Plevna is a former industrial building located in the neighbourhood of Finlayson in central Tampere, Finland, hosting a Finnkino movie theatre, the brewery restaurant Plevna and the Koskipanimo microbrewery.

The building was designed by architects Georg Gunliffe and F. L. Calonius for the textile manufacturer Finlayson Oy and built from 1876 to 1877. It housed the largest weaving hall in the Nordic countries upon completion, holding 1200 power looms. The red brick facade lacked windows and the weaving hall was illuminated through the ceiling windows.

Plevna was the first building in the Nordic countries and the Russian Empire (which Finland was part of at the time) to be lit by electric lighting. The Thomas Edison electric light was first used in the building on 15 March 1882. A bridge was built in 1876 between the Plevna and Katuvapriikki buildings, which also served as the main entrance of the factory. The bridge has since been dismantled.
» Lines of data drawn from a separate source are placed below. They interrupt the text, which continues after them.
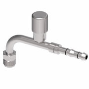 FJ3135-01-1010S E-Z Clip System by Danfoss | Male O-Ring 90° Elbow (Short Pilot) with R134a Low Side Port | A/C Refrigeration Fitting | -10 Male O-Ring Short Pilot x -10 Hose Barb | Steel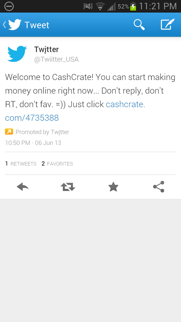 Weird spam. Note the "i" in Twitter. You would think they would prevent ads like this. cc: @dickcpic.twitter.com/FKaCOOCiZP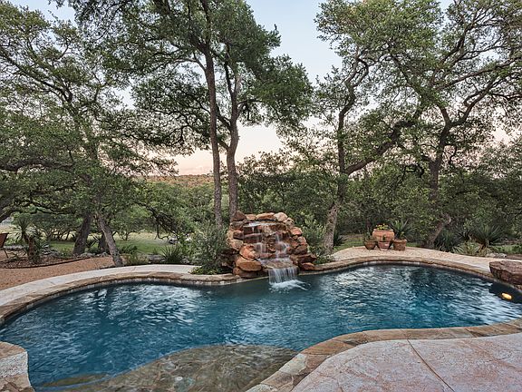 Own your own slice of Hill Country heaven! This property is nothing short of spectacular and it is perfectly complimented by the high-end custom home with pool and wonderful equestrian facilities with Barnmaster-like stalls, arena and trails. The home perfectly takes advantage of the views and gorgeous sunsets. Finished out to perfection, the home features a great room with 2-story tall ceiling to allow for walls of windows, a stunning fireplace that is the heart of the room and features you won't find anywhere else. The chef's kitchen offers a massive center island and granite from South America. Impressive master that is located downstairs plus there are 4 more bedrooms, one is a true guest suite with kitchenette. Relaxing outdoors spaces with wrap-around porches & resort-worthy pool with waterfall. This Ag Exempt property is gated and features 15.65 beautiful, rolling acres with wet weather creek and fields of wildflowers. Wimberley ISD accepts transfers, please inquire if desired.

The building is named after the city of Pleven, Bulgaria, and the 1877 siege of Plevna during the Russo-Turkish War, which also involved Finnish soldiers to commemorate it.

==Movie theatre==

The building currently houses a Finnkino movie theatre which opened in 1999. Finnkino Plevna has 10 auditoriums and 1653 seats, which makes it the largest movie theatre in Finland outside Greater Helsinki.

Plevna is one of the main premises of the annual Tampere Film Festival.

==Restaurant==
The building also houses the Plevna brewery restaurant, which opened in 1994. The restaurant serves the brewery's own beers as well as those from the Koskipanimo microbrewery next door, and since February 2018 customers have also been able to buy them to go.